Irish airline Ryanair on Monday posted a better-than-expected 550 percent rise in first quarter profit thanks to a large reduction in fuel costs but said its outlook remained cautious for the rest of the year.

Ryanair, one of the world's biggest airlines by market value, said net profit for the three months to June 30 came in at 136.5 million euros ($193.8 million). That compared with 132 million euros on average expected by three analysts surveyed by Reuters.

Thanks to a 13 percent reduction in average fares we grew traffic by 11 percent, a robust performance in a deep recession, when many of our competitors were cutting flights, losing traffic and reporting increased losses, Chief Executive Michael O'Leary said in a statement.

While rivals exposed to the weak premium sector shrink in the face of falling demand, Ryanair is hoping to mop up business from cost-conscious travelers during the global recession.

Ryanair, which started out in 1985 with a 15-seater plane, plans to keep cutting fares aggressively to snatch business from those struggling in the economic downturn, with average fares expected to fall by 20 percent or slightly more this year.

Europe's biggest low-cost airline, which prides itself on its no-frills, bottom-price tickets, reduced profit forecasts toward the lower end of the 200-300 million euros previously guided for the year to March 2010.

That compared to rival airlines BA and Virgin which are both expected to make heavy losses.

O'Leary said Q2 yields -- the industry's main yardstick measuring average revenue per mile per customer -- will be significantly lower than last year, at or slightly above the minus 15 to 20 percent range previously guided for the carrier's key profitable quarter.

Traffic growth is strong but at much weaker yields due to the recession and the impact of tourist tax in Ireland and the UK. We have limited visibility beyond the next two months but expect passengers to be very price sensitive for the rest of the year, O'Leary said.

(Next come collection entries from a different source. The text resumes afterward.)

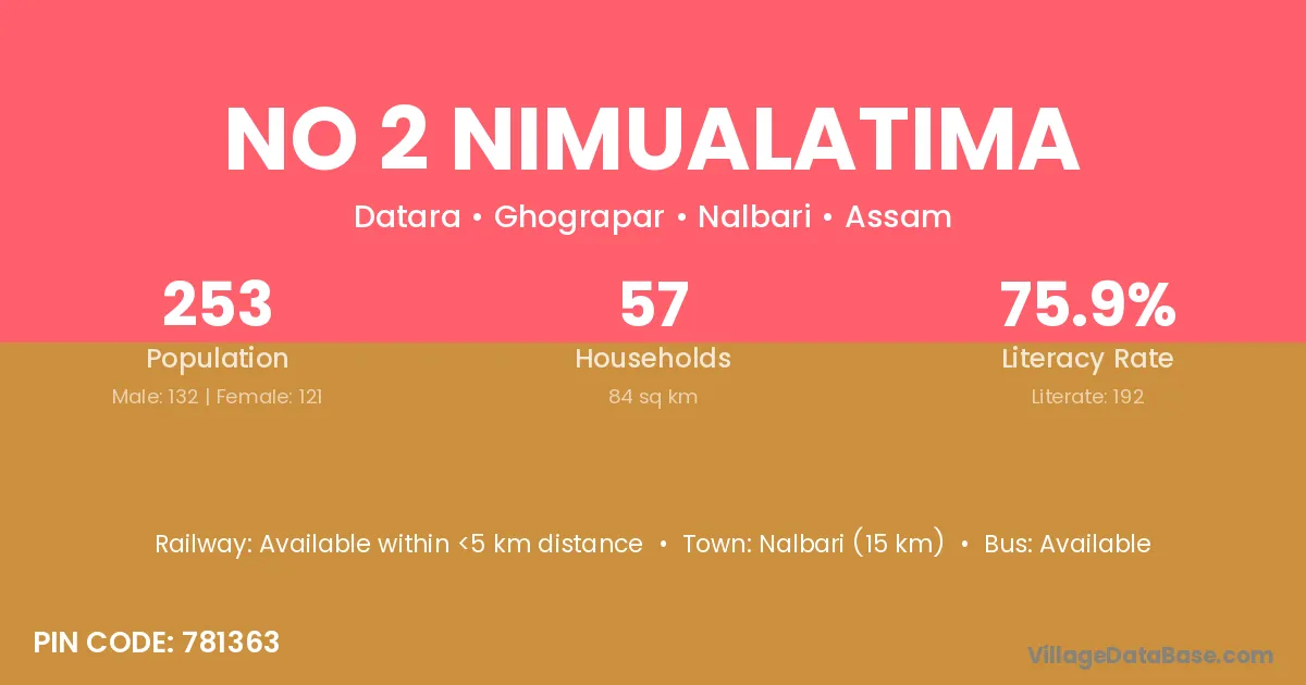 Nalbari (15 km) is the nearest town to No 2 Nimualatima village for major economic activities and is located approximately 15 km away.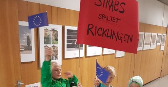 Protest gegen die Strabs-Beitragspflicht des Stichweges in der Gredelfeldtstraße vor der Bezirksratssitzung am 16.05.2019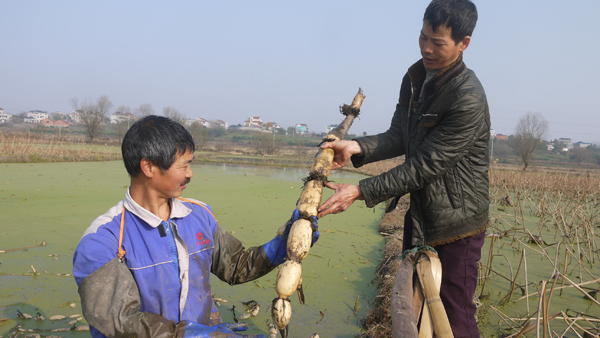 夏小兵今年49岁,夏小青今年42岁。原先家庭条件一般,早些年,在朋友的引荐下,兄弟俩帮福建老板一同跨出国门前往印尼和越南打工,干的活是山里淘金,虽很累但能赚钱。兄弟俩把赚来的钱带回到村里分别建起了漂亮的新房。但兄弟俩感到国外打工很辛苦,人生安全保障系数低。于是,在2014年回到村里从村民手中流转了54亩土地主要用于种藕及部分其它蔬菜。

The Dublin-based airline, which had already taken a hedge for 90 percent of its fuel needs for the first three quarters of 2010 and 5 percent for Q4, further hedged for 60 percent of fuel for Q4 at an average $610 per ton.

O'Leary, who said Q1 results were distorted by a 42 percent reduction in fuel costs, added that should Ryanair hedge the balance of FY2010 fuel at $620 per ton, it would give full year fuel cost saving of around 460 million euros.